GVDL paid me one of the best compliments I've had as a writer. It's one of those small things that might make all the difference, just like the suggestion several years ago that I should blog. It won't be forgotten.
And yet he said something equally devastating, but true. He said that my thinking is a work in progress; at least that's what I heard. I have decided not to decide. I'm not on a mission. I just have a direction and I'm not completely convinced and don't particularly need to be ... the word evades me. I need to be right, I just don't always feel like proving it.
So I twittered the fragment that stuck and later began to explain what I meant, which is perfectly apropos. A provocative tweet was enough to satisfy the moment. But now I have to explain. To wit.
What if skilled people are not supposed to think?
Think philosophically is what I mean. What if happiness were only possible from thinking a particular combination of thoughts? What if everybody who has to work for a living and gather skills will never have enough time or discipline to put that combination together in their heads?
I think about this whenever I am between projects. Not having to focus on my clients' system problems allows me to free up some brain space with philosophical stuff like this I am writing. English for people instead of Perl for machines. And I'm trying to get that combination - except that I'm happy as a worker. My career fulfills. In my spare time I shoot and drive on the gaming console and I attempt transcendental inquiry. You can expect many thousands of words.
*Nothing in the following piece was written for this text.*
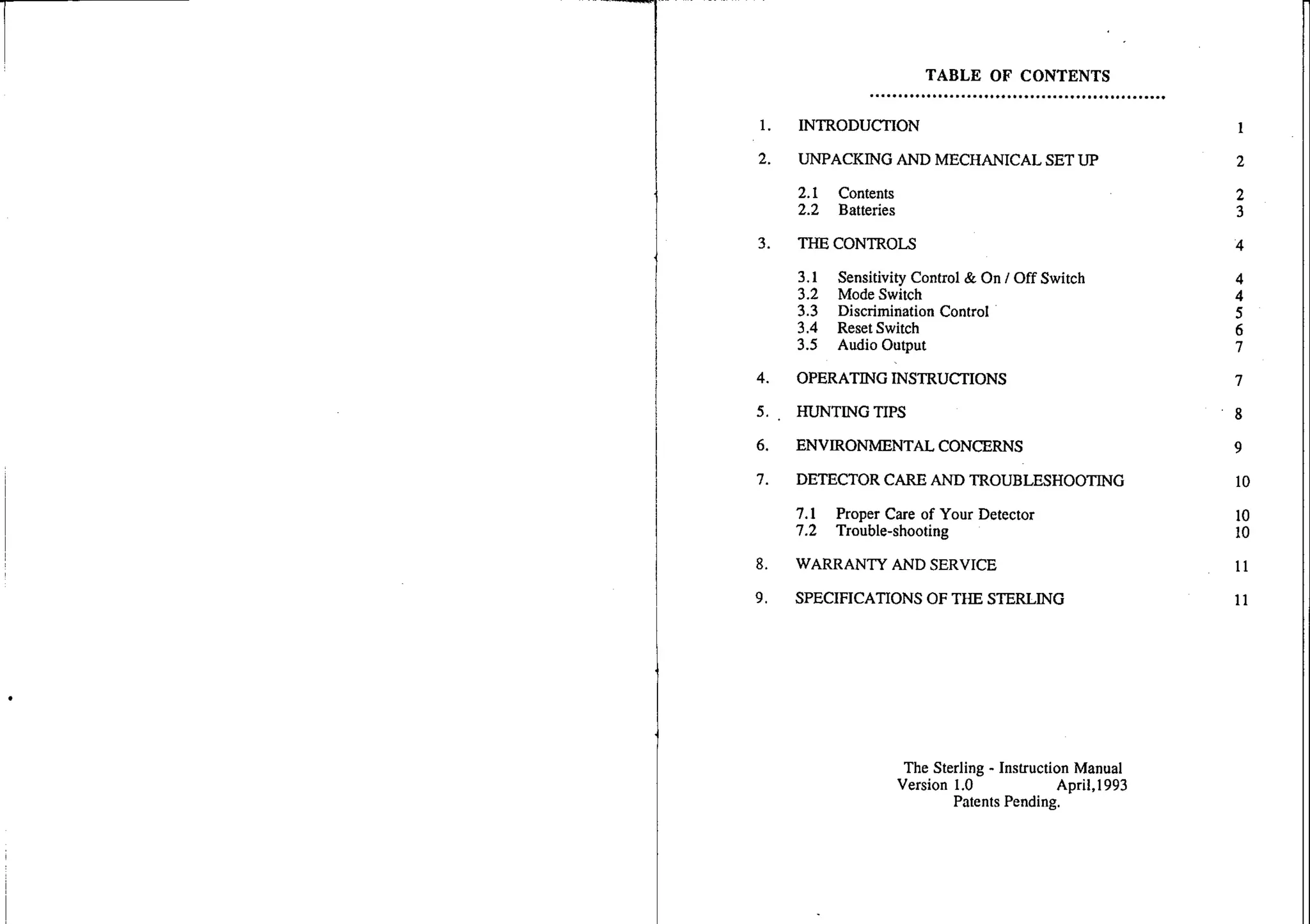 Instruction Manual Minelab Sterling Metal Detector English Language

It's maddening to read F. Scott Fitzgerald and Rudyard Kipling at this late date. I know, I have learned and forgotten a dozen computer languages and in the intellectual meritocracy that is some fraction of American society, I have received my props. No I didn't sell a dot com, but I've learned to be satisfied. Don't we all? It's not that they are so utterly brilliant - well it is, but it's also that I might have saved myself some time. I wonder back and I recall thousands of names in my little black electronic rolodex and I try to guess what I said that let them know I wasn't quite ready.
We only know what we know, and we have to accept what we are. But that leaves open what we might be. If human development 'true happiness', or 'true enlightenment' lies on a path before us, we may not always choose or even see that path. I think maybe we're all too busy to get there.